Но сделать он ничего не успел: стало известно, что вместо ожидаемой Канады ретивого кадровика быстро отправили с глаз долой куда-то в Юго-Восточную Азию, правда с повышением. Прибыв к месту службы, он был разочарован жарким влажным климатом страны и низким уровнем своей зарплаты, приударил от скуки за женой водителя, подрался с последним, был отозван домой и вскоре уволен из МИДа за аморальное поведение. Позднее, когда началась перестройка, в печати то и дело стали появляться подписанные им хулительные статьи по адресу ведомства иностранных дел.
Судьба самого Кранцева решилась тоже быстро, покорная железной воле Бальяна. Зная правила министерской игры, тот заручился предварительным согласием всемогущего Касьяна Степановича Беловенко, полномочного посла в Париже, на назначение нового секретаря генконсульства, после чего оформление заняло всего пару недель. Узнав новость, Кранцев почувствовал, как сердце его запрыгало от радости и волнения так сильно, что пассажиры, ехавшие вместе с ним в городском транспорте, стали оглядываться. Шутка ли, отбыть, и надолго, во Францию.

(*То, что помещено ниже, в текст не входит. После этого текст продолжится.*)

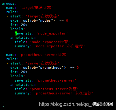 groups:- name: 'target在线状态'rules:- alert: 'target在线状态'expr: up{job="nodes"} == 0for: 20slabels:severity: 'node_exporter'annotations:title: 'node_expoerer告警'summary: 'node_exporter 未在运行'- name: 'prometheus-server状态'rules:- alert: 'server在线状态'expr: up{job="prometheus"} == 0for: 20slabels:severity: 'prometheus-server'annotations:title: 'prometheus-server告警'summary: 'prometheus-server 未在运行'
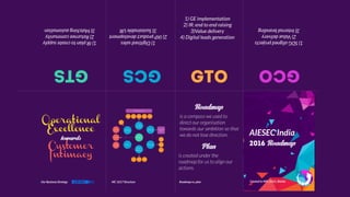 This document outlines AIESEC India's roadmap for 2016, which focuses on operational excellence and customer intimacy. The roadmap includes delivering SDG-aligned projects, value to members, and internal branding. It also details plans for leadership development, including implementing the LEAD model to provide learning environments that develop qualities like empowering others, being solution-oriented, self-awareness, and having a world citizen mindset. A 4-step process is outlined for implementing the LEAD model at the local committee level, including training team members, creating a delivery plan, and tracking progress.

Но сначала, чтобы этот план не сорвался, предстояло уладить назревающий скандал с публикацией в известном издательстве романа Жапризо «Убийственное лето» в переводе Кранцева. Тот факт, что предстоящий гонорар намного превосходил его месячное жалованье, теперь был малым утешением. Редактор, выпускавший книгу, любитель «клубнички», постарался украсить сцены любви между героями романа своими буйными словесными фантазиями типа «он входил в нее толчками», «ее вопеж будил и будоражил окрестных жителей». Первый тираж разошелся мгновенно, но почти сразу сверху последовал приказ прекратить публикацию. Невезуха: дебелая супруга главы Госкомитета по печати проглотила роман в один присест на ночь глядя. И пришла в ужас от описания «скабрезных и возмутительных» сцен половых сношений. И не смогла заснуть – до того разыгралось воображение. По случайному стечению обстоятельств главе Госкомитета уже докладывали о выходе в других издательствах переводов творений западных авторов, изобилующих сценами разврата. А это уже повод для проведения строгой кампании – за три года до наступления эпохи гласности – по очищению советского книжного рынка от тлетворных произведений пресловутой и упаднической буржуазной литературы.

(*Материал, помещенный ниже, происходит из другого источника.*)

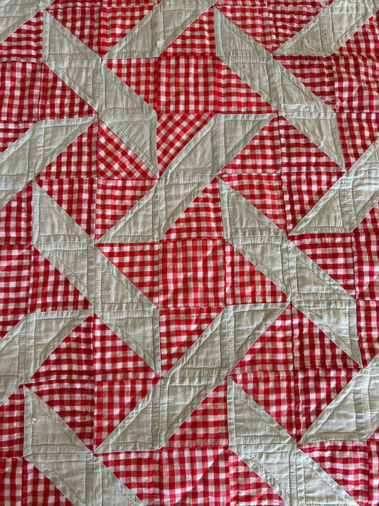 Khaki Gingham Pinwheel Picnic Quilt | 1950s
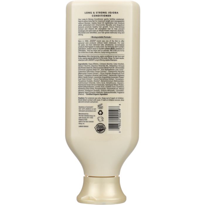 Our Long and Strong Conditioner gently fortifies weakened, hard-to-grow-long hair for maximum length and manageability without dryness. Jojoba Seed Oil replenishes lost moisture while antioxidant-rich Chamomilla Recutita and Grapefruit Extracts promote healthy hair growth. Yucca Filamentosa Extract and Vitamin B5 strengthen hair to help prevent breakage and split ends as Wheat Protein improves elasticity. Nourished and refortified, your hair grows lustrously long and strong.
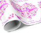 Bonito papel de embrulho de presente de chá de panela de casamento ideal para embrulhar um presente muito especial para a nobre noiva ser. Flores bonito de aquarela em spray em forma de coração com fita em plástico roxo, rosa, vermelho e cinza de presente de chá de panela floral. Edite este presente de arte com seu nome de noivas honradas. Arte de design e aquarela exclusiva de Sarah Trett.
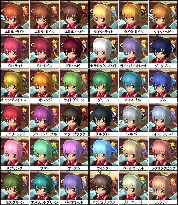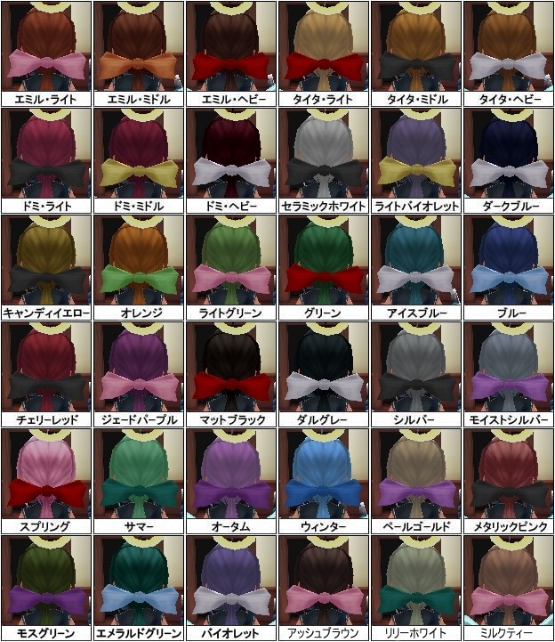 | セラミックホワイト、ダークブルー、ライトバイオレット、ペールゴールド、メタリックピンク画像募集中 ヘアカラー・リボン色の一覧 |

Официальное порицание по адресу переводчиков и издателей
Выручил Дима, сын секретаря ЦК КПСС, однокурсник Кранцева, с которым Артем не раз пересекался на вечеринках в шикарной номенклатурной квартире на Кутузовском проспекте. С тех пор, несмотря на социальную грань, между ними сохранились овеянные молодостью, теплые приятельские отношения. Прямой и простой в обращении Дима не поленился обзвонить сотрудников аппарата отца и выяснить, что переводчикам означенных книг аутодафе не грозит, то есть можно расслабиться. «А повестушка-то классная», – коротко прокомментировал он событие, удручавшее Кранцева. О достославные времена брежневского застоя: спокойная жизнь и ее правила игры были по крайней мере известны!
Успокоенный, Кранцев ничего не придумал умнее, как отпраздновать победу в компании своего давнего приятеля, франтоватого Влада Земского, ворчуна, крикуна, пьяницы и похабника. На сей раз они обошлись двумя бутылками портвейна 777, употребив их без закуски, как настоящие бомжи, в городском сквере между военной академией и домом-музеем Льва Толстого. Молодые мамы, прогуливаясь по аллее с колясками или с малышами на руках, опасливо поглядывали на двух прилично одетых молодых людей, пивших портвейн прямо из горла, и многозначительно-осуждающе показывали пальцем на «пропащих дядей». Опорожнив по очереди обе бутылки, Артем и Влад расстались, так и не сказав друг другу важных слов. Первый – потому что пропала охота ворошить недавние переживания, второй – в силу вечной погруженности в размышления о превратностях своей личной жизни.